_Exercise details_
Whenever an image turns up, omit it and return the remaining data exactly.

_Records from a data collection_
━━━

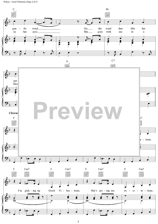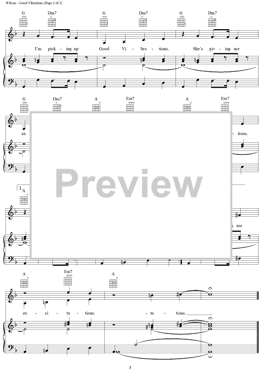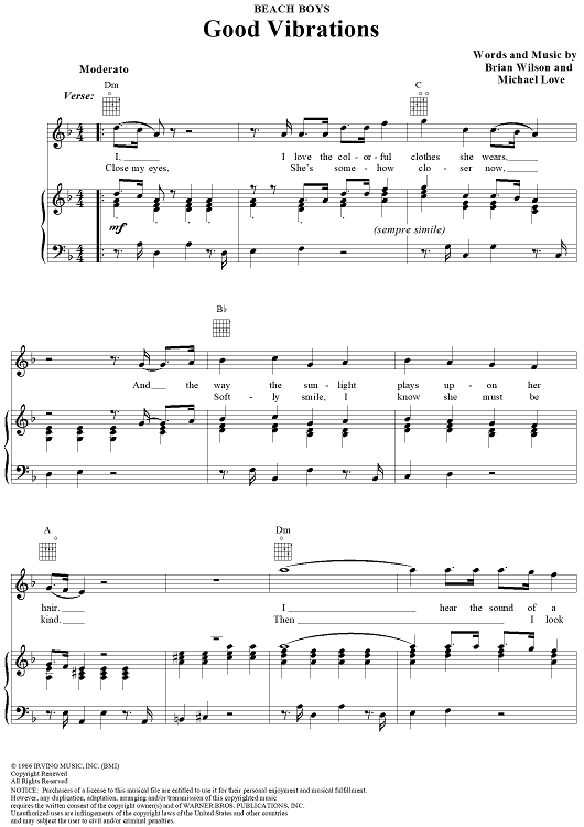 Digital Sheet Music for Good Vibrations by Brian Wilson, The Beach Boys, Mike Love scored for Piano/Vocal/Chords; id:111065
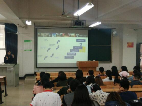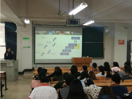 吴倩琳女士还向同学们介绍了如何申请留学北安普顿大学。她介绍,有意愿留学的同学们在出国前需要参加雅思考试并且在通过后递交留学申请材料,还需交纳学费按金和准备签证材料并且申请英国签证。
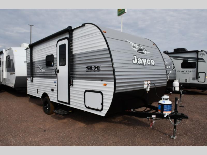 Take your camping to the next level with the easy-to-tow and impressively equipped Jayco Jay Flight SLX 170BHW Sport Edition. This single-axle travel trailer is small in size but big on capability—perfect for weekend warriors and first-time RVers alike. Whether you're chasing waterfalls or setting up at a lakeside site, this unit is made to make outdoor memories happen.
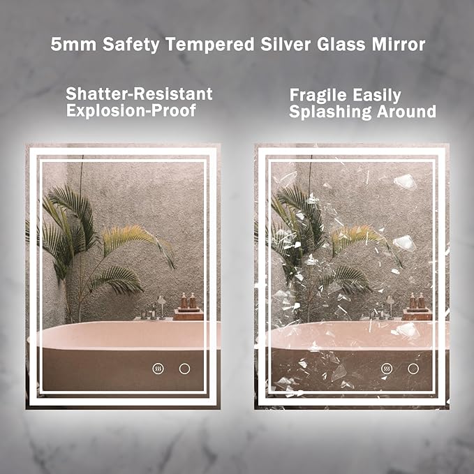 - Easy to install & Plug-in/Hardwired: The LED bathroom mirrors are super easy to install with wall brackets to make sure the mirror hangs securely on wall vertically or horizontally. The mirror can be powered by wiring hardwair directly to electrical cables or plugging into electrical outlet.
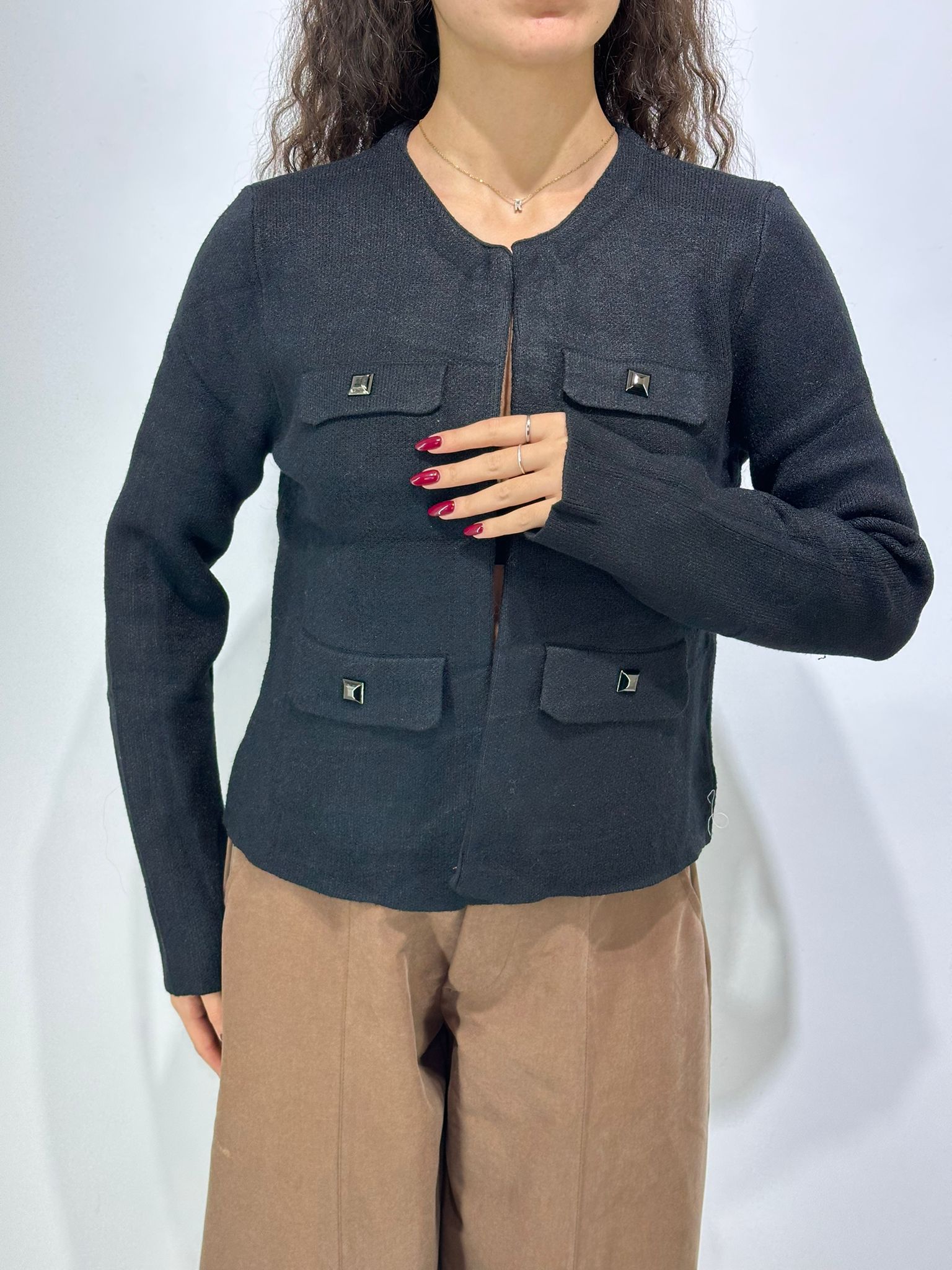 cardigan in lana con bottoni in oro. Finte tasche non funzionali.
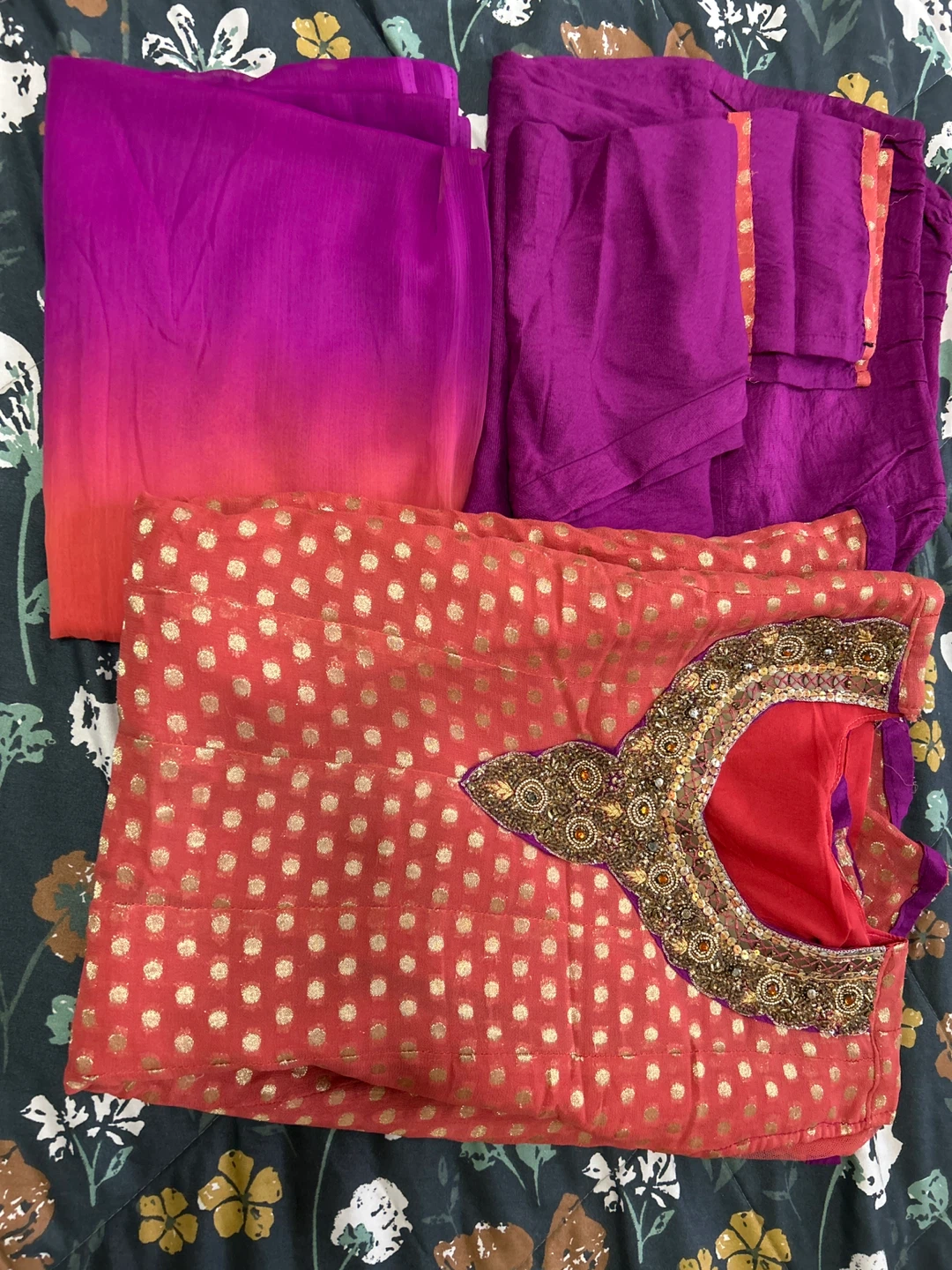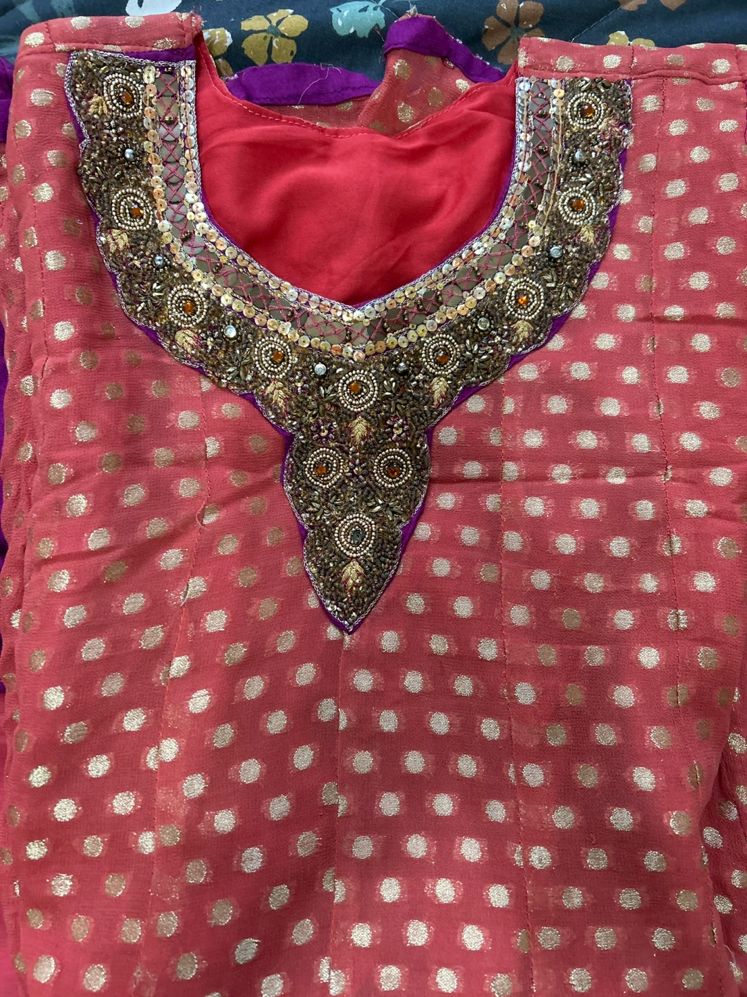 Selling a beautiful Indian salwar kameez suit. It's a vibrant coral colour with gold polka dots and intricate beading around the neckline. Includes the top, pants, and matching dupatta.
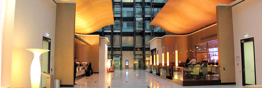 Müssten wir diesmal nicht ein Zelt als Ersatz für unser im letzten Urlaub zerstörten Zelt mitnehmen, könnten wir wieder nur mit Handgepäck fliegen. Aber das haben wir uns für den Herbst vorgenommen. Einige Minuten später checken wir im Hotel ein. Diesmal nicht im Sheraton sondern in dem nagelneuen, erst vier Wochen alten Hilton. Die Architektur ist futuristisch und atemberaubend.
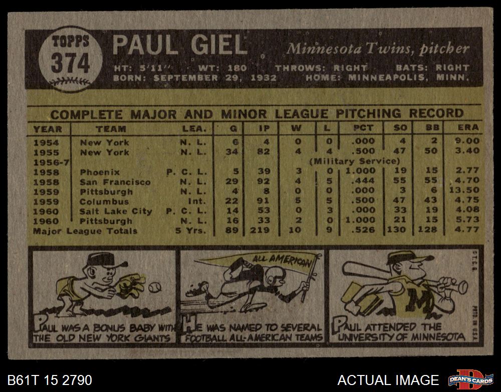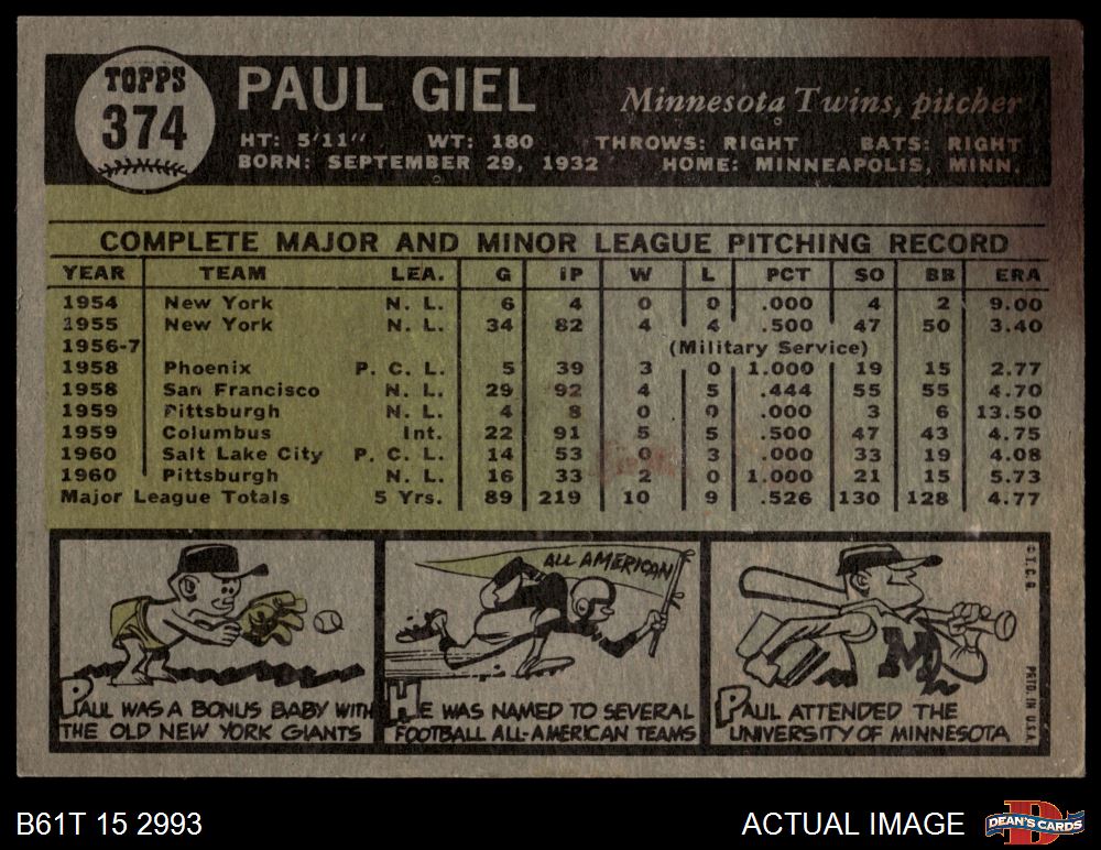 1961 Topps #374 Paul Giel
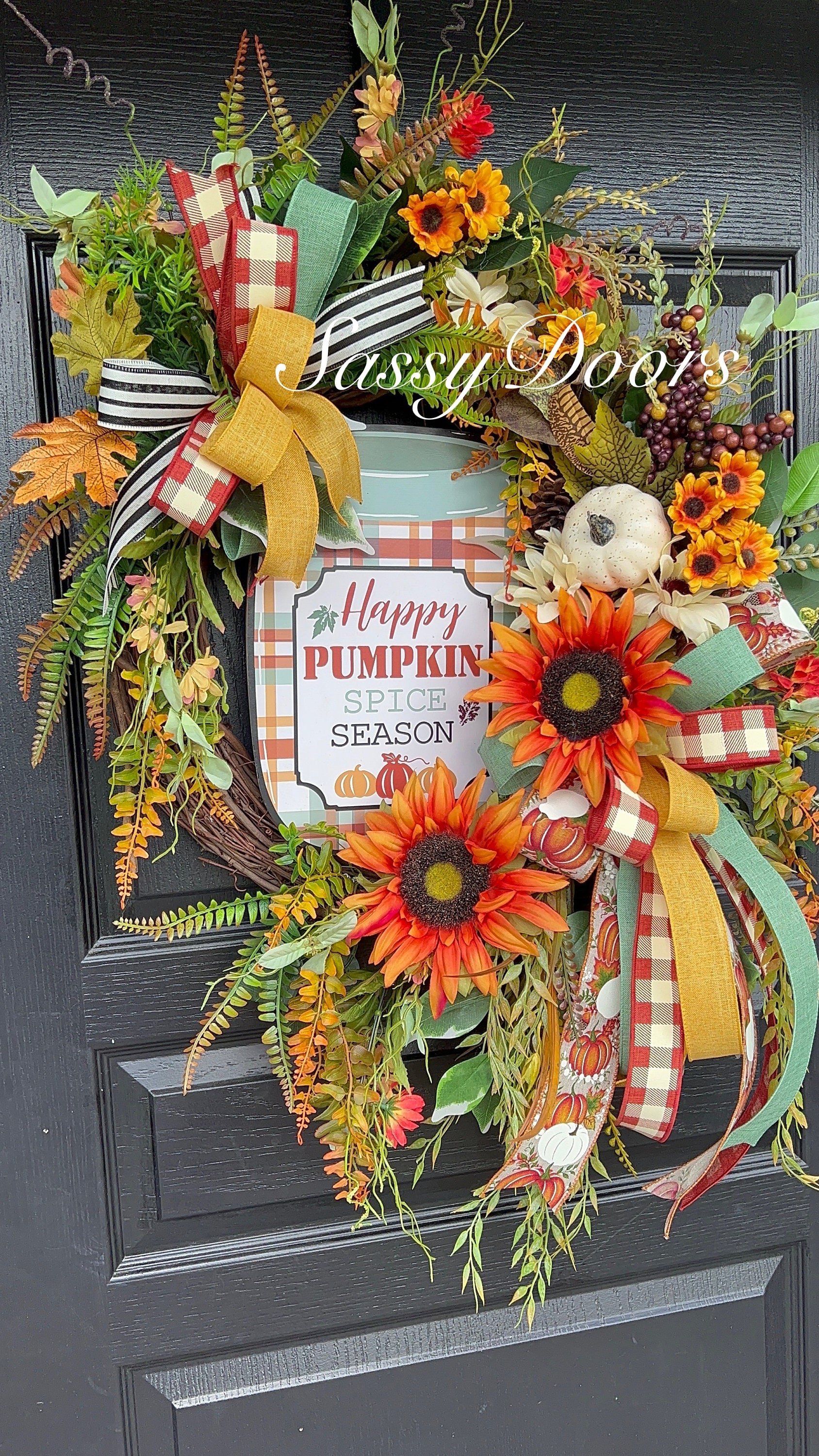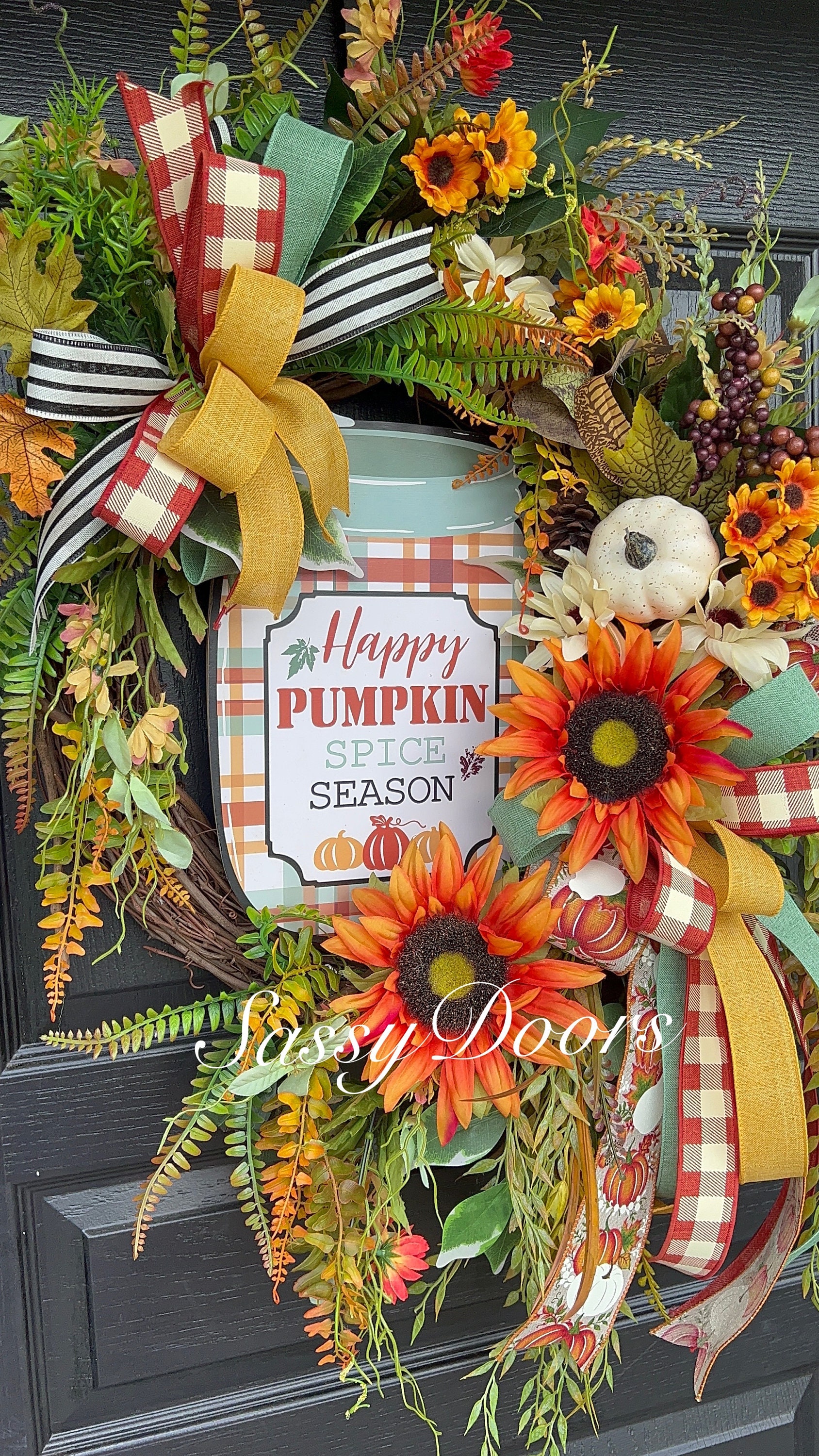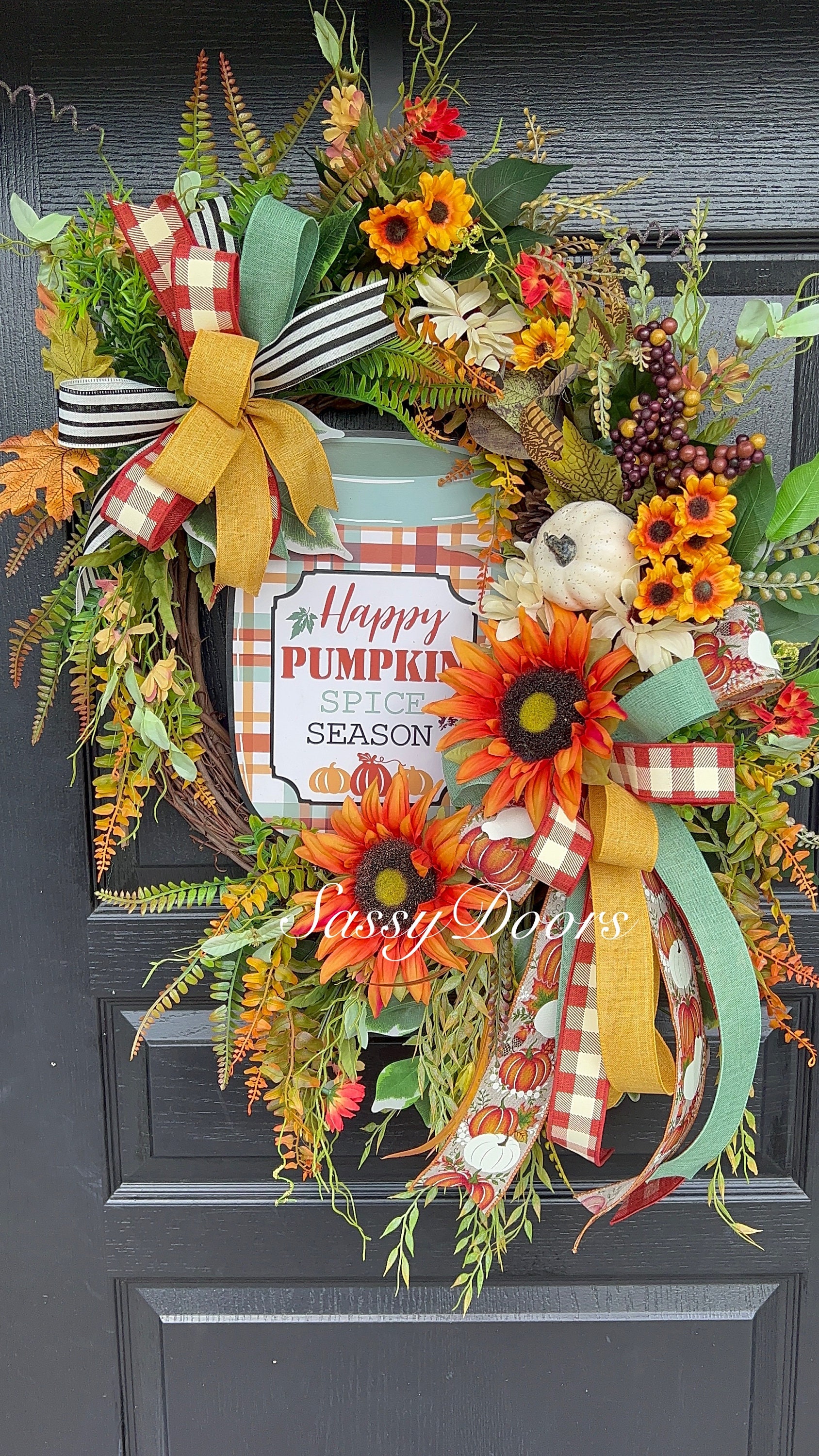 Designed on a 18” natural grapevine wreath and absolutely loaded with a variety of silk sunflowers, faux greenery such as grasses, ficus, ferns and so much more. It perfectly compliments the welcome sign.

━━━

_Task response_
 Digital Sheet Music for Good Vibrations by Brian Wilson, The Beach Boys, Mike Love scored for Piano/Vocal/Chords; id:111065
 吴倩琳女士还向同学们介绍了如何申请留学北安普顿大学。她介绍,有意愿留学的同学们在出国前需要参加雅思考试并且在通过后递交留学申请材料,还需交纳学费按金和准备签证材料并且申请英国签证。
 Take your camping to the next level with the easy-to-tow and impressively equipped Jayco Jay Flight SLX 170BHW Sport Edition. This single-axle travel trailer is small in size but big on capability—perfect for weekend warriors and first-time RVers alike. Whether you're chasing waterfalls or setting up at a lakeside site, this unit is made to make outdoor memories happen.
 - Easy to install & Plug-in/Hardwired: The LED bathroom mirrors are super easy to install with wall brackets to make sure the mirror hangs securely on wall vertically or horizontally. The mirror can be powered by wiring hardwair directly to electrical cables or plugging into electrical outlet.
 cardigan in lana con bottoni in oro. Finte tasche non funzionali.
 Selling a beautiful Indian salwar kameez suit. It's a vibrant coral colour with gold polka dots and intricate beading around the neckline. Includes the top, pants, and matching dupatta.
 Müssten wir diesmal nicht ein Zelt als Ersatz für unser im letzten Urlaub zerstörten Zelt mitnehmen, könnten wir wieder nur mit Handgepäck fliegen. Aber das haben wir uns für den Herbst vorgenommen. Einige Minuten später checken wir im Hotel ein. Diesmal nicht im Sheraton sondern in dem nagelneuen, erst vier Wochen alten Hilton. Die Architektur ist futuristisch und atemberaubend.
 1961 Topps #374 Paul Giel
 Designed on a 18” natural grapevine wreath and absolutely loaded with a variety of silk sunflowers, faux greenery such as grasses, ficus, ferns and so much more. It perfectly compliments the welcome sign.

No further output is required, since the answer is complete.